St. Martin was reverenced all over Europe, but definitely, as a man,
and the Bishop of Tours. So St. Ambrose at Milan, and St. Gregory at
Rome, and hundreds of good men more, all over the world; while the
really good women remained, though not rare, inconspicuous. The
virtues of French Clotilde, and Swiss Berthe, were painfully borne
down in the balance of visible judgment, by the guilt of the Gonerils,
Regans, and Lady Macbeths, whose spectral procession closes only
with the figure of Eleanor in Woodstock maze; and in dearth of
nearer objects, the daily brighter powers of fancy dwelt with
more concentrated devotion on the stainless ideals of the earlier
maid-martyrs.
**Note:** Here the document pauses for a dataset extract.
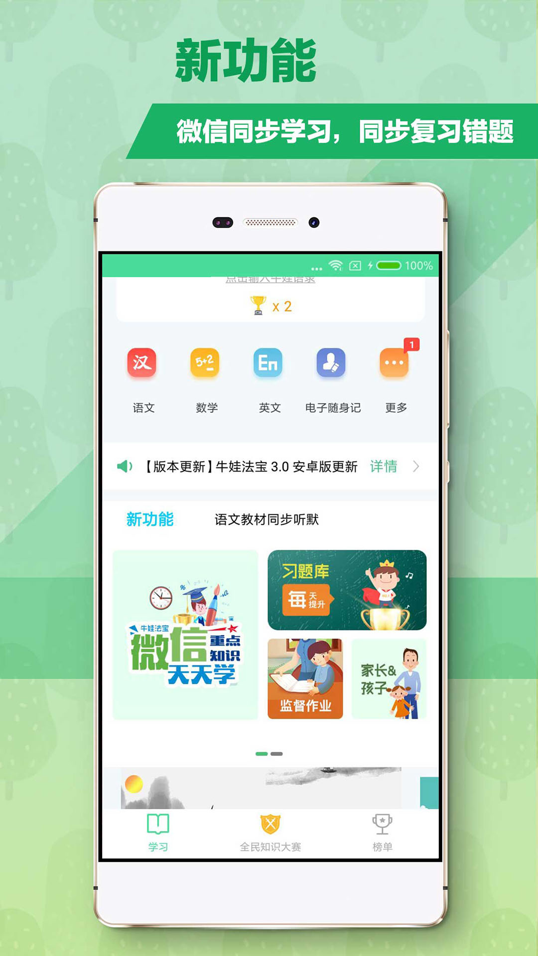 牛娃法宝安卓版是一款非常实用的学习软件,软件内汇集了超多的英语学习资源,让您可以快速掌握英语知识点。并且牛娃法宝app内还有排行榜功能,让您可以一边学习一边观看自己的学习名次。

And observe, even the loftier fame of the men-saints
above named, as compared with the rest, depends on precisely the same
character of indefinite personality; and on the representation, by
each of them, of a moral idea which may be embodied and painted in
a miraculous legend; credible, as history, even then, only to the
vulgar; but powerful over them, nevertheless, exactly in proportion
to the degree in which it can be pictured and fancied as a living
creature. Consider even yet in these days of mechanism, how the
dullest John Bull cannot with perfect complacency adore _himself_,
except under the figure of Britannia or the British Lion; and how the
existence of the popular jest-book, which might have seemed secure in
its necessity to our weekly recreation, is yet virtually centred on
the imaginary animation of a puppet, and the imaginary elevation to
reason of a dog. But in the Middle Ages, this action of the Fancy,
now distorted and despised, was the happy and sacred tutress of every
faculty of the body and soul; and the works and thoughts of art, the
joys and toils of men, rose and flowed on in the bright air of it,
with the aspiration of a flame, and the beneficence of a fountain.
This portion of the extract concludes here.